3.4 Inspect structure

tibble::glimpse(counts_raw)
Rows: 1,000
Columns: 15
$ gene     <chr> "Gene1", "Gene2", "Gene3", "Gene4", "Gene5", "Gene6", "Gene7"…
$ Sample1  <dbl> 186, 45, 38, 293, 215, 246, 99, 8, 38, 197, 28, 98, 93, 142, …
$ Sample2  <dbl> 175, 101, 12, 0, 377, 376, 115, 13, 66, 82, 89, 14, 38, 114, …
$ Sample3  <dbl> 175, 54, 214, 172, 72, 34, 74, 13, 88, 49, 223, 237, 315, 145…
$ Sample4  <dbl> 54, 48, 92, 35, 18, 53, 18, 118, 200, 146, 169, 38, 93, 64, 1…
$ Sample5  <dbl> 54, 287, 86, 85, 3, 81, 369, 96, 1, 12, 101, 41, 135, 102, 82…
$ Sample6  <dbl> 67, 74, 110, 173, 27, 180, 82, 22, 146, 8, 148, 70, 0, 432, 1…
$ Sample7  <dbl> 50, 42, 149, 50, 12, 46, 22, 192, 39, 55, 15, 47, 78, 53, 3, …
$ Sample8  <dbl> 3, 54, 6, 142, 50, 312, 289, 264, 82, 244, 48, 208, 77, 167, …
$ Sample9  <dbl> 37, 118, 124, 32, 68, 480, 72, 94, 96, 156, 54, 46, 196, 30, …
$ Sample10 <dbl> 24, 28, 11, 198, 284, 86, 41, 21, 93, 51, 96, 175, 56, 229, 2…
$ Sample11 <dbl> 38, 42, 121, 138, 0, 46, 43, 66, 266, 14, 18, 96, 56, 9, 166,…
$ Sample12 <dbl> 361, 437, 388, 173, 590, 221, 334, 108, 583, 193, 428, 826, 3…
$ Sample13 <dbl> 238, 314, 324, 984, 1208, 287, 350, 438, 170, 346, 857, 986, …
$ Sample14 <dbl> 266, 586, 589, 889, 650, 189, 659, 190, 650, 172, 106, 434, 1…
tibble::glimpse(meta)
Rows: 14
Columns: 2
$ Sample    <chr> "Sample1", "Sample2", "Sample3", "Sample4", "Sample5", "Samp…
$ condition <chr> "Positive", "Positive", "Positive", "Positive", "Positive", …

Expectation:

  • counts_raw contains a gene identifier column plus one column per sample
  • meta contains one row per sample and a sample ID column

3.5 Validate sample alignment (namespace-safe)

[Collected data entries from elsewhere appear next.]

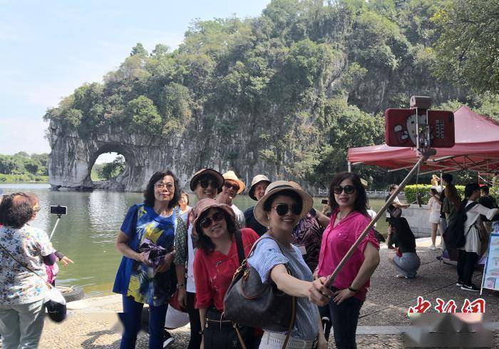 资料图:游客在桂林象山景区观光留影。 唐梦宪 摄
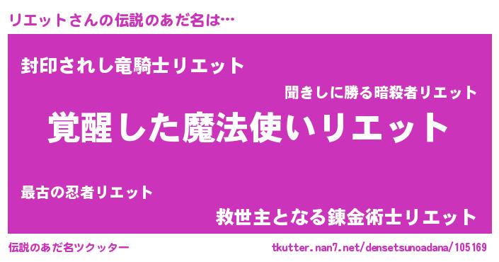 | 意味不明あだ名 | 『住所不定無職リエット(10歳)』 |
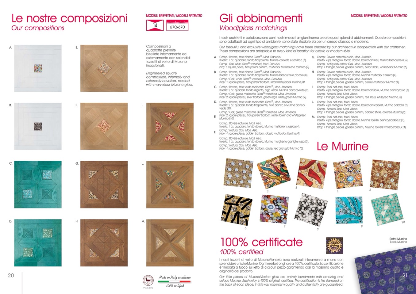 unique Murrine. Each inlay is 100% original, certified. The certification is fire stamped on
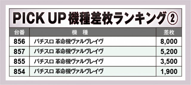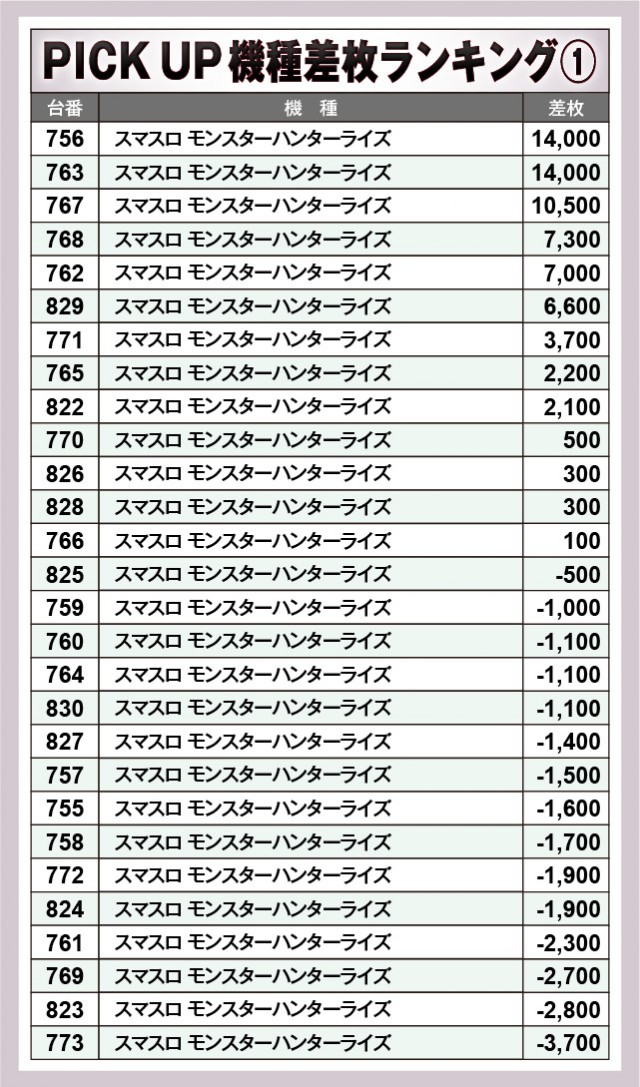 『スマスロ モンスターハンターライズ』『パチスロ からくりサーカス』『スマスロ バイオハザード5』にて合計5台の万枚OVERが飛び出し、さらに万枚未遂台の存在も確認できる。上表をご覧の通り、ほとんどの台が5,000枚OVERの大台突破を果たしており、凄まじい熱気が館内の包み込んでいたのが分かるだろう。後述する優秀機種が多く名を連ねている点も好感を覚える部分で、高いポテンシャルを秘めていたのは確かだ。
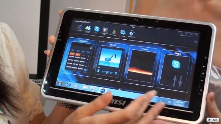 Mit MSI hat in Taipeh noch ein weiteres Schwergewicht der Branche seinen Hut in den Tablet-Ring geworfen. Es hat das WindPad 100 präsentiert. Das 800 Gramm leichte Gerät ist 10 Zoll groß, das Display bietet 1024 x 600 Bildpunkte. Unter dem Touchscreen arbeitet der Intel-Prozessor Atom Z530, der Akku soll bis zu acht Stunden durchhalten. Das WindPad verfügt über zwei Gigabyte Hauptspeicher, eine SSD-Einheit mit 32 Gigabyte, SD-Slot, WLAN, UMTS, USB und HDMI. Das Tablet soll noch in diesem Jahr auf den Markt kommen, als Preis peilt MSI 500 Dollar an.
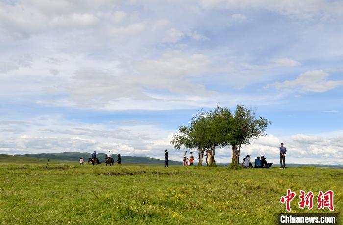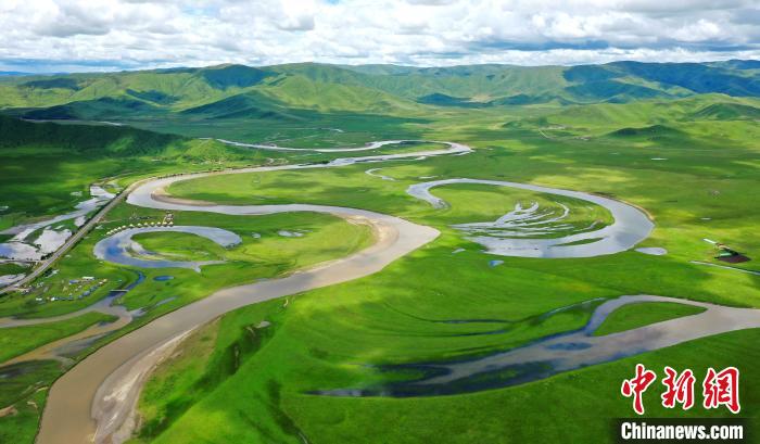 夏日的四川省阿壩州紅原草地,綠草如茵,廣袤無垠,藍(lán)天、白云、牛群構(gòu)成了一幅幅美麗的圖畫,美不勝收。
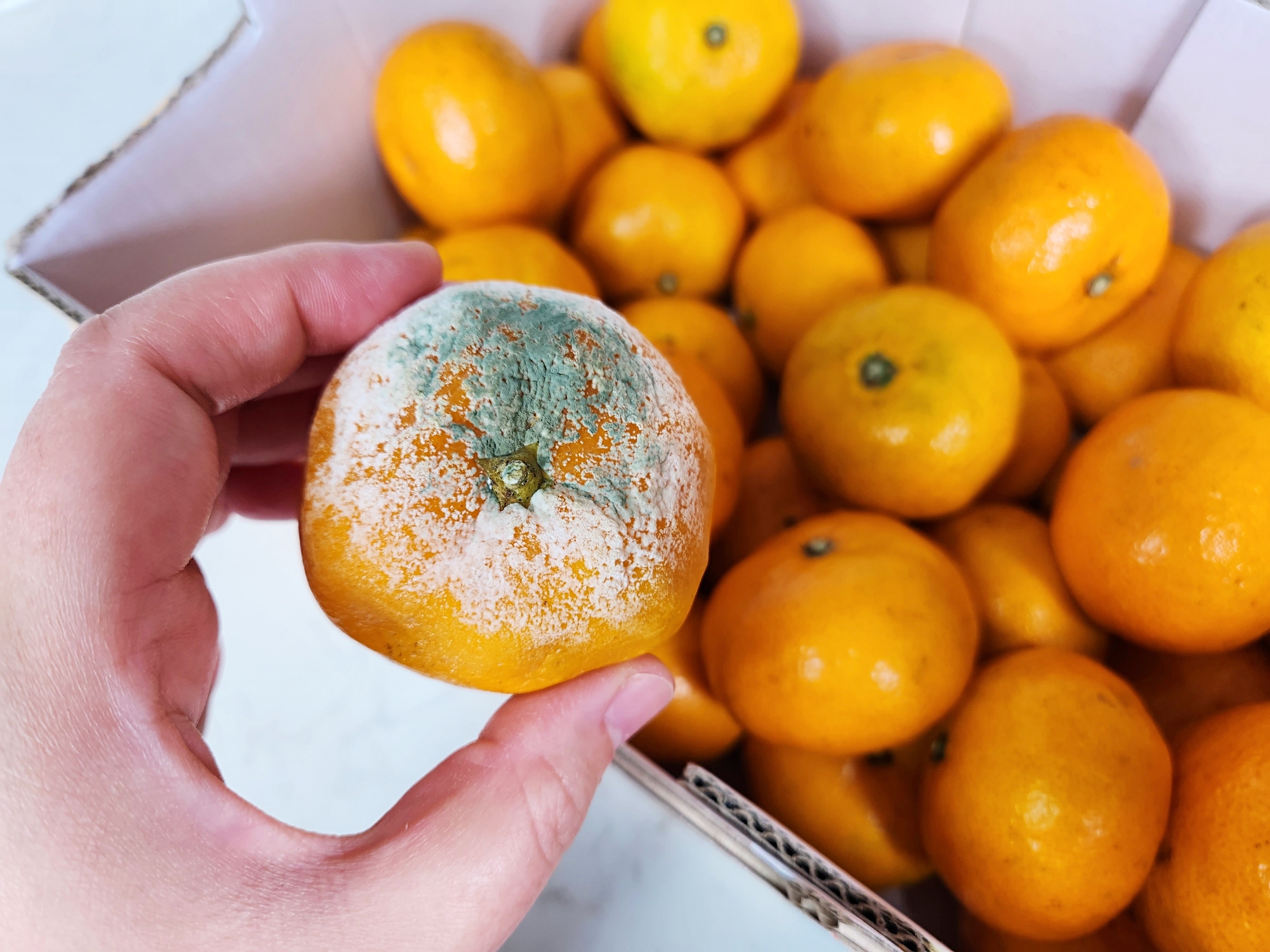 눈에 띄게 무른 귤이나 곰팡이가 핀 귤은 바로 제거하고,
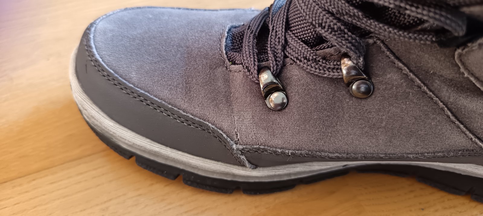 Na pravej topánke trochu viac vyšúchané na zhybe-viď detail na fotke. Vo vnútri tiež v oblasti paty vyšúchané.
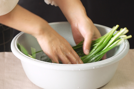 准备食材:韭菜、猪肉、酱油、盐、面粉、生姜、食用油。
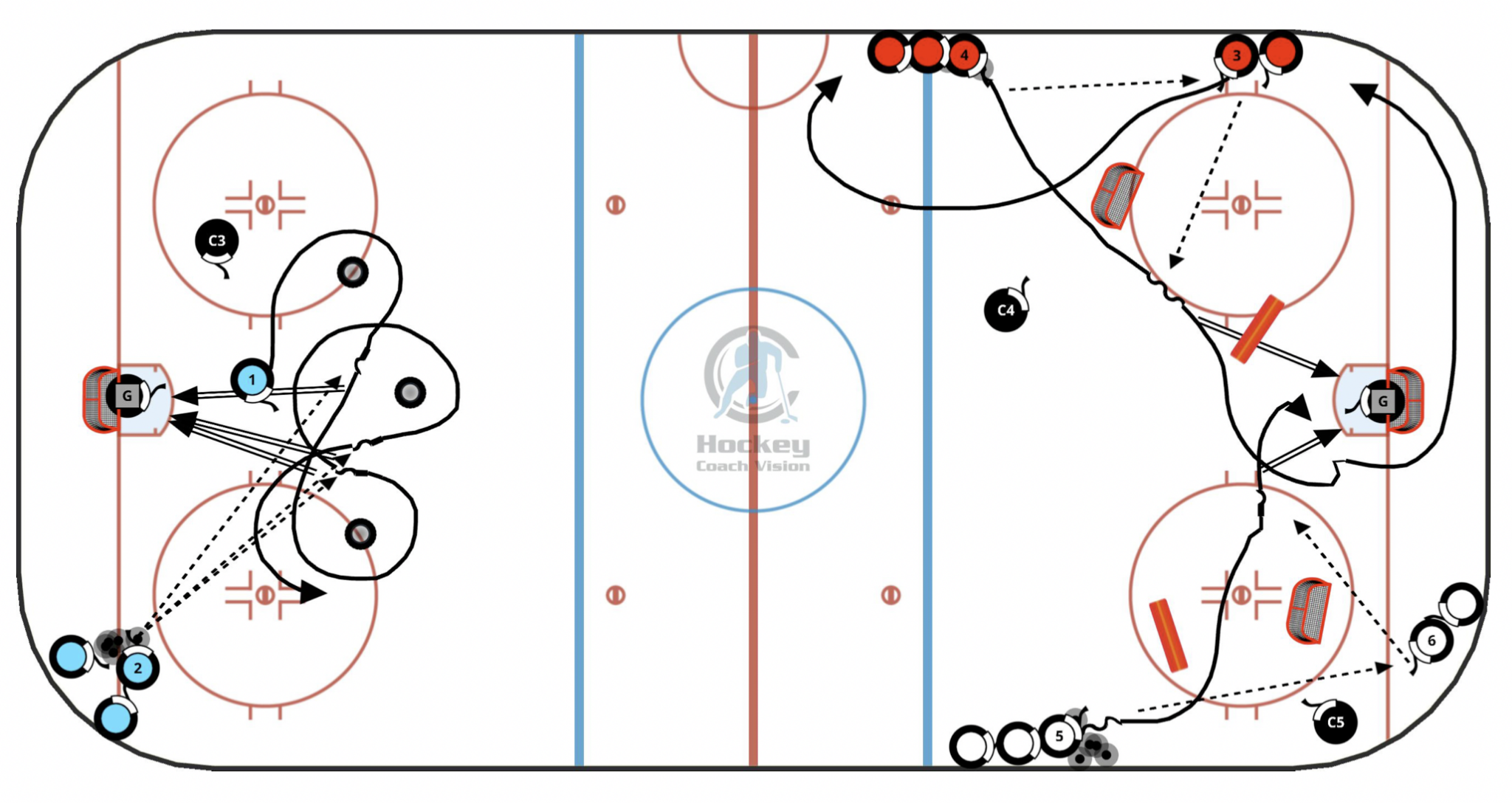 Station 3: Shooter skates randomly through the tires, receives passes from the corner passers, catching the pass and releasing the shot quickly.
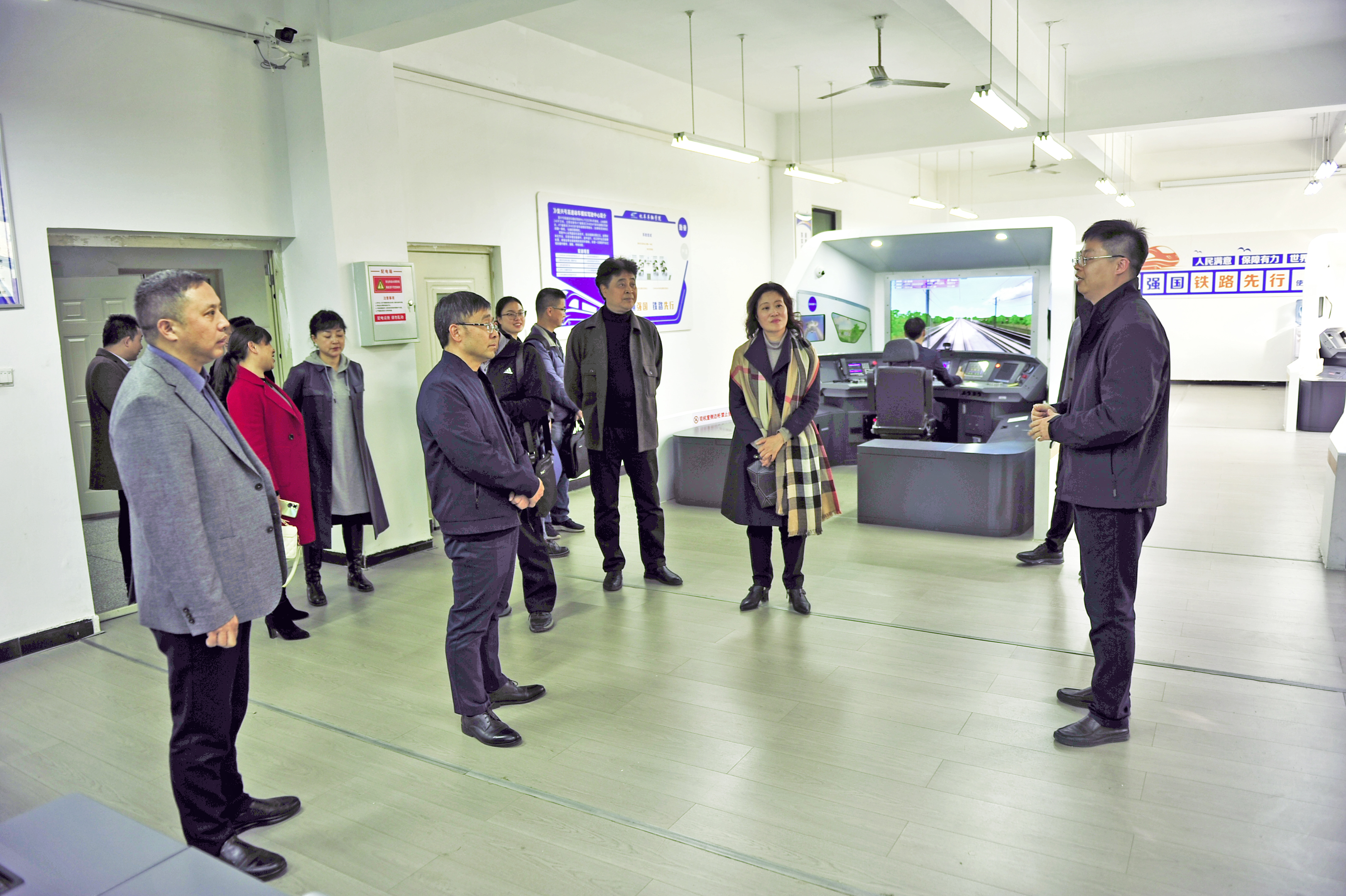 高司华一行先后参观考察了学校铁道综合实训基地、城市轨道交通综合实训中心、动车组机械师实训室、复兴号模拟驾驶实训室,详细了解学校设施设备、实训教学情况,对学校产教融合、校企双主体育人,紧跟数字化、信息化开展虚拟仿真教学等方面取得的成绩表示赞赏。
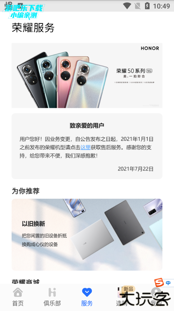 3、在【服务】,软件为用户提供了很多荣耀产品的售后服务,比如以旧换新、查询服务门店、在线客服等;

Some Bioconductor packages define functions with the same names as dplyr verbs. In CDI, we avoid masking issues by using explicit namespaces (e.g., dplyr::slice).

# Identify the gene ID column (assume first column)
gene_id_col <- names(counts_raw)[1]

# Sample columns are everything except the gene ID
sample_cols <- setdiff(names(counts_raw), gene_id_col)

# Choose the metadata sample ID column
# Adjust here if your metadata uses a different column name
sample_id_col <- if ("sample_id" %in% names(meta)) "sample_id" else names(meta)[1]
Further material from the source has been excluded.